There are several different ways to convert the output matrix to a sequence of labels that can be decoded into a character sequence. These are contained in kraken.lib.ctc_decoder with kraken.lib.ctc_decoder.greedy_decoder() being the default.

XML Parsing

Sometimes it is desired to take the data in an existing XML serialization format like PageXML or ALTO and apply an OCR function on it. The kraken.lib.xml module includes parsers extracting information into data structures processable with minimal transformtion by the functional blocks:

>>> from kraken.lib import xml

>>> alto_doc = '/path/to/alto'
>>> xml.parse_alto(alto_doc)
{'image': '/path/to/image/file',
 'type': 'baselines',
 'lines': [{'baseline': [(24, 2017), (25, 2078)],
            'boundary': [(69, 2016), (70, 2077), (20, 2078), (19, 2017)],
            'text': '',
            'script': 'default'},
           {'baseline': [(79, 2016), (79, 2041)],
            'boundary': [(124, 2016), (124, 2041), (74, 2041), (74, 2016)],
            'text': '',
            'script': 'default'}, ...],
 'regions': {'Image/Drawing/Figure': [[(-5, 3398), (207, 3398), (207, 2000), (-5, 2000)],
                                      [(253, 3292), (668, 3292), (668, 3455), (253, 3455)],
                                      [(216, -4), (1015, -4), (1015, 534), (216, 534)]],
             'Handwritten text': [[(2426, 3367), (2483, 3367), (2483, 3414), (2426, 3414)],
                                  [(1824, 3437), (2072, 3437), (2072, 3514), (1824, 3514)]],
             ...}
}

>>> page_doc = '/path/to/page'
>>> xml.parse_page(page_doc)
{'image': '/path/to/image/file',
 'type': 'baselines',
 'lines': [{'baseline': [(24, 2017), (25, 2078)],
            'boundary': [(69, 2016), (70, 2077), (20, 2078), (19, 2017)],
            'text': '',
            'script': 'default'},
           {'baseline': [(79, 2016), (79, 2041)],
            'boundary': [(124, 2016), (124, 2041), (74, 2041), (74, 2016)],
            'text': '',
            'script': 'default'}, ...],
 'regions': {'Image/Drawing/Figure': [[(-5, 3398), (207, 3398), (207, 2000), (-5, 2000)],
                                      [(253, 3292), (668, 3292), (668, 3455), (253, 3455)],
                                      [(216, -4), (1015, -4), (1015, 534), (216, 534)]],
             'Handwritten text': [[(2426, 3367), (2483, 3367), (2483, 3414), (2426, 3414)],
                                  [(1824, 3437), (2072, 3437), (2072, 3514), (1824, 3514)]],
             ...}

Serialization

The serialization module can be used to transform the ocr_records returned by the prediction iterator into a text based (most often XML) format for archival. The module renders jinja2 templates in kraken/templates through the kraken.serialization.serialize() function.
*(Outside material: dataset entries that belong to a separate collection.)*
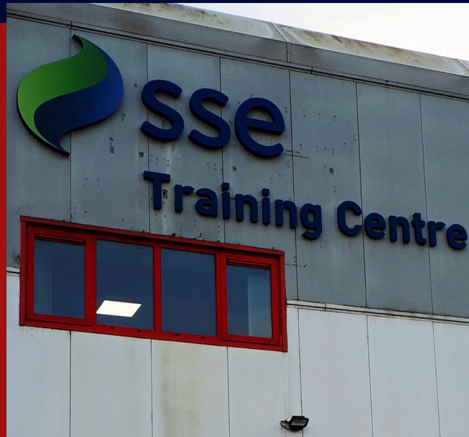
SIGNAGE BEFORE REFURBISHMENT WORKS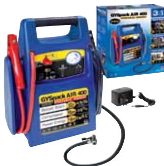
026322 Gyspack Air 400 Booster £141.00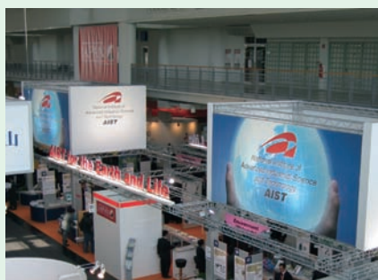
AIST booth at Hannover Messe 2008

During the fair, over 4,000 people visited the AIST booth, and there were over 400 technological consultations, and around 20 business negotiations concerning purchase of development devices and agency contracts.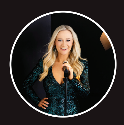
Broadway Baby -A Transformational Theatrical Experience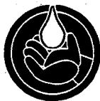
EXHIBIT 3-B, Attachment 2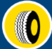
Tire 1 Sticker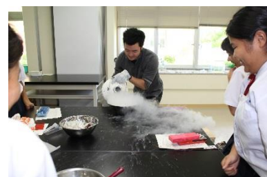
Science English Lab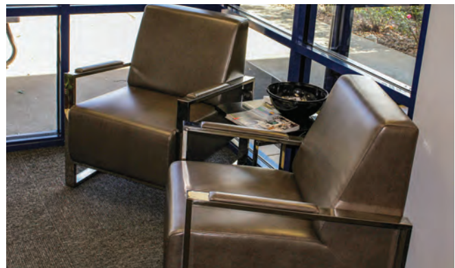
Left: Impact resistant glass windows were added to the McLouth lobby area for extra protection. The updated lobby also has a television that provides announcements and information on co-op matters, programs, and events. Right: The lobby area includes a place for members to sit and complete forms, or wait for assistance. The area now includes restricted building access to ensure safety of staff and visitors.

Every year 2 million Americans report having experienced some form of workplace violence. FreeState wants to ensure no employee is part of that alarming statistic.

>>> from kraken.lib import serialization

>>> records = [record for record in pred_it]
>>> alto = serialization.serialize(records, image_name='path/to/image', image_size=im.size, template='alto')
>>> with open('output.xml', 'w') as fp:
        fp.write(alto)

Training

There are catch-all constructors for quickly setting up kraken.lib.train.KrakenTrainer instances for all training needs. They largely map the command line utils ketos train and ketos segtrain to a programmatic interface. The arguments are identical, apart from a differentiation between general arguments (data sources and setup, file names, devices, …) and hyperparameters (optimizers, learning rate schedules, augmentation.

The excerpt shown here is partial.